The characteristics of the transfer functions H7 (s) and H8 (s) including the time delay Δt7 and
the settings of the position and orientation of the transducers 29B, 30B, the front of the
transducers 29B, 30B functions as a directional array, the audio In the radiation pattern (such as
the cardioid 42) which emits more acoustic energy in a direction 44 generally towards the
listener 46 at the listening position where the signal processing system 1 is involved, into the
high frequency spectral components of the right channel Do so as to emit corresponding sound
waves.

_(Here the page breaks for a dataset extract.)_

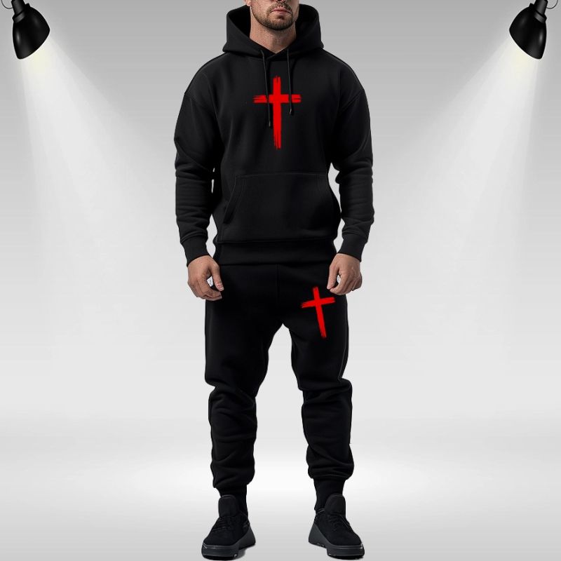 Poate exista o ușoară diferență de nuanță a culorii negre între trening și hanorac.

Directional arrays are discussed in more detail in US Pat. Nos. 5,809,153 and 5,870,484.
The acoustic waves emitted by the back of the cone into the waveguide, in particular the low
frequency acoustic waves, enhance the low frequency acoustic waves emitted by the front of the
cone. In this embodiment of the embodiment of FIG. 2, the transducers 29B, 30B are acoustically
coupled to the waveguide 39A near the closed end of the waveguide, and the transducers 27B,
28B are connected to each other at the waveguide ends. And acoustically coupled to the
waveguide 39A approximately midway between them. With the transducer so arranged, the
waveguide 39A and the transducer operate as described in co-pending US patent application Ser.
No. 09 / 753,167.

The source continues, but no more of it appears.